■ SUPPLIED MATERIAL ■

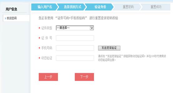 3.验证身份:(1)证件号码+手机验证码:选择证件类型,输入证件号、手机号码,点击“发送短信验证”,输入获取的动态验证码后点击“下一步”进入重置密码界面。
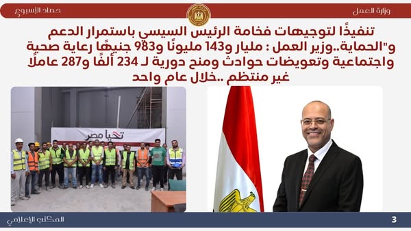 وقال مدير المديرية أن توقيع العقود يأتي فى ضوء تنفيذ توجيهات وزير العمل محمد جبران لحفظ التوازن بين طرفي العملية الإنتاجية في الحقوق والواجبات وبمايخدم العملية الإنتاجية في ظل المتغيرات الاقتصادية الحالية، كما ِأشار مدير المديرية إلى مناقشة عدد من الموضوعات الهامة لتعزيز علاقات العمل واستقرار العلاقة التعاقدية وتحسين بيئة العمل، والاتفاق على إتمام بروتوكول لتدريب شباب بورسعيد من الجنسين، كما تم تفقد مواقع الإنتاج و مقابلة عدد من العمال بأقسام الإنتاج بالمصنع.
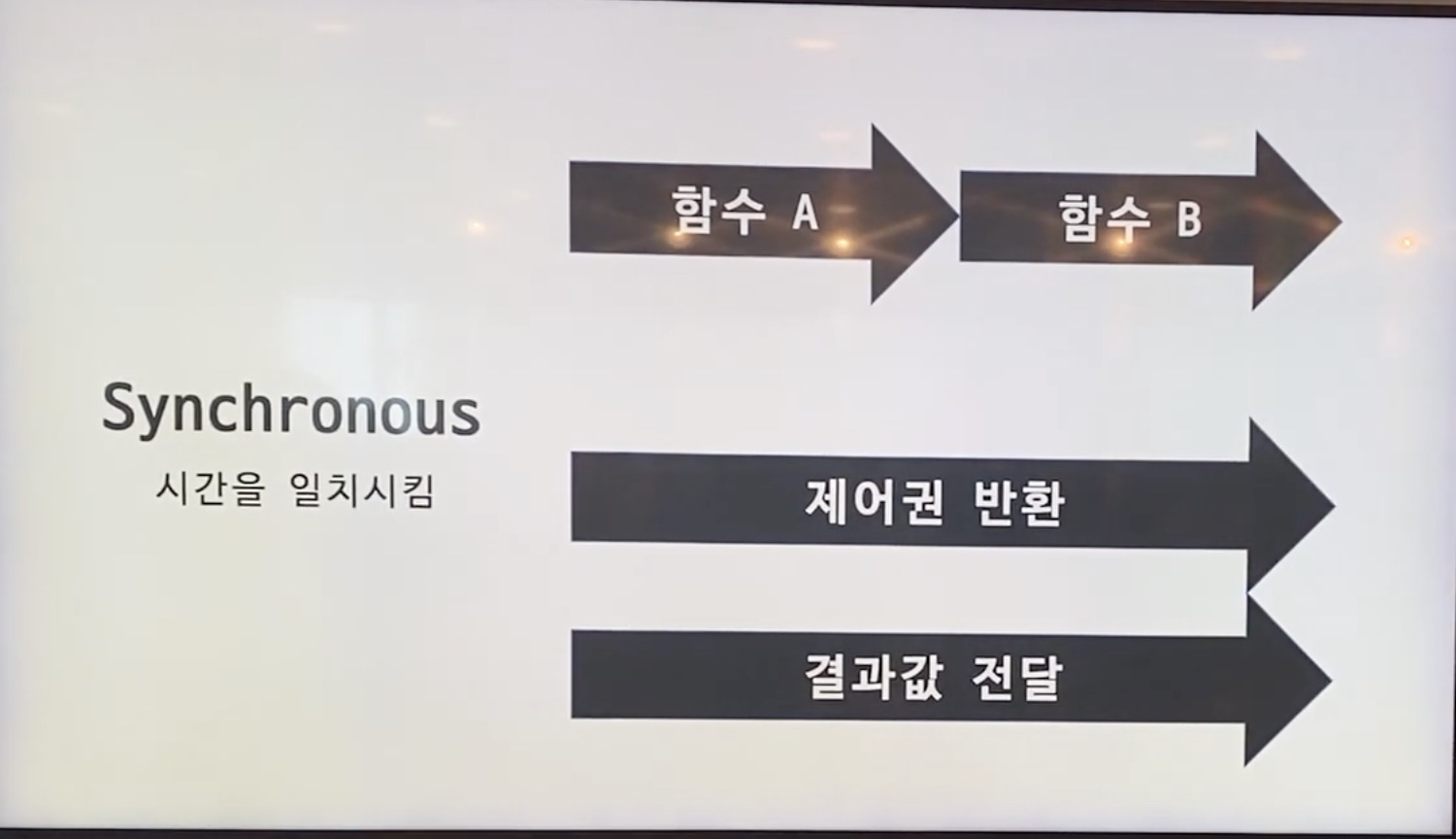 - 호출된 함수의 수행 결과 및 종료를 호출한 함수가(호출된 함수뿐 아니라 호출한 함수도 함께) 신경 쓰면 Synchronous

■ PROBLEM DETAILS ■
Copy out the data verbatim, with no pictures.

■ RESULT OF THIS EXERCISE ■
 3.验证身份:(1)证件号码+手机验证码:选择证件类型,输入证件号、手机号码,点击“发送短信验证”,输入获取的动态验证码后点击“下一步”进入重置密码界面。
 وقال مدير المديرية أن توقيع العقود يأتي فى ضوء تنفيذ توجيهات وزير العمل محمد جبران لحفظ التوازن بين طرفي العملية الإنتاجية في الحقوق والواجبات وبمايخدم العملية الإنتاجية في ظل المتغيرات الاقتصادية الحالية، كما ِأشار مدير المديرية إلى مناقشة عدد من الموضوعات الهامة لتعزيز علاقات العمل واستقرار العلاقة التعاقدية وتحسين بيئة العمل، والاتفاق على إتمام بروتوكول لتدريب شباب بورسعيد من الجنسين، كما تم تفقد مواقع الإنتاج و مقابلة عدد من العمال بأقسام الإنتاج بالمصنع.
 - 호출된 함수의 수행 결과 및 종료를 호출한 함수가(호출된 함수뿐 아니라 호출한 함수도 함께) 신경 쓰면 Synchronous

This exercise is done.